We recently finished a solution audit for a very large Sitecore site. The site had serious performance issues (20-30 seconds execution time for some functions and frequent w3wp process crashes) and adding additional beefy servers wasn’t helping in alleviating the situation. We were asked to review the server configuration, solution and code and profile the solution to identify bottlenecks and recommend improvement/fixes.
The Solution
The code was massively complex and not really easy to understand ,so our analysis of the code didn’t reveal any immediate conclusions other than very heavy use of multi-threaded custom caching… hmmm obviously the items in the cache would have something to do with why this was running slow. Only problem was that the cache was being used for EVERYTHING – even Lucene search results – this would prove important later…

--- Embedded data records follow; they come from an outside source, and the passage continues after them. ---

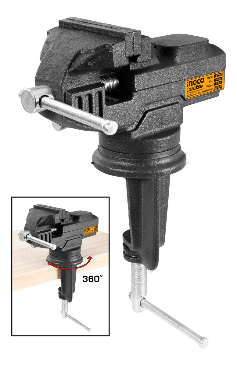 Morsa De Banco Mesa 60mm Ingco Hbv082 Giratoria Joyero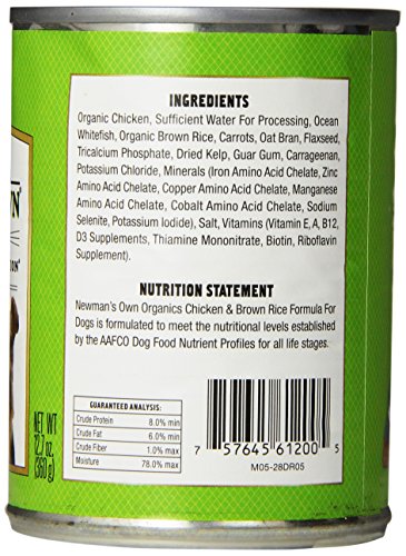 Newman's Own Organics for dogs made with organic chicken and brown rice. Newman's Own Organics Chicken & Brown Rice Formula for dogs is formulated to meet the nutritional levels established by the AAFCO Dog Food Nutrient Profiles for all life stages.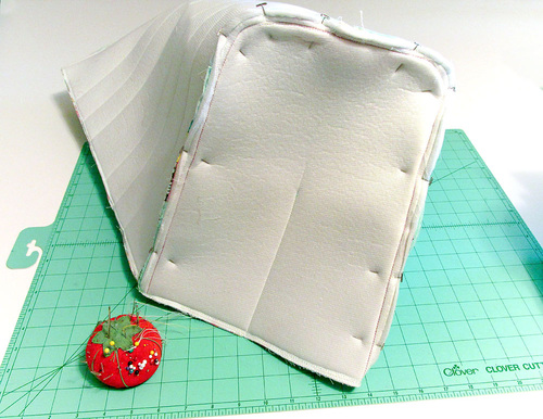 - Following the same steps as above for the exterior of the cover, pin the side panels to the main panel.

Navigating the content tree immediately raised eyebrows: The solution had more than 40000 items – which in itself isn’t a lot, but they were all in a very flat and non-hierarchical structure, which caused Sitecore to run super slow. You might know that Sitecore does NOT recommend having more than I think 100-200 items on the same level (same parent node). In this case, there were many violations of this common sense “rule”.
Bring out the power tools
We decided to use AQTime to profile the solution. AQTime is a fantastic tool. It is basically a performance profiler that you can use to hook up to many different types of applications and solutions to measure their performance and find the bottlenecks.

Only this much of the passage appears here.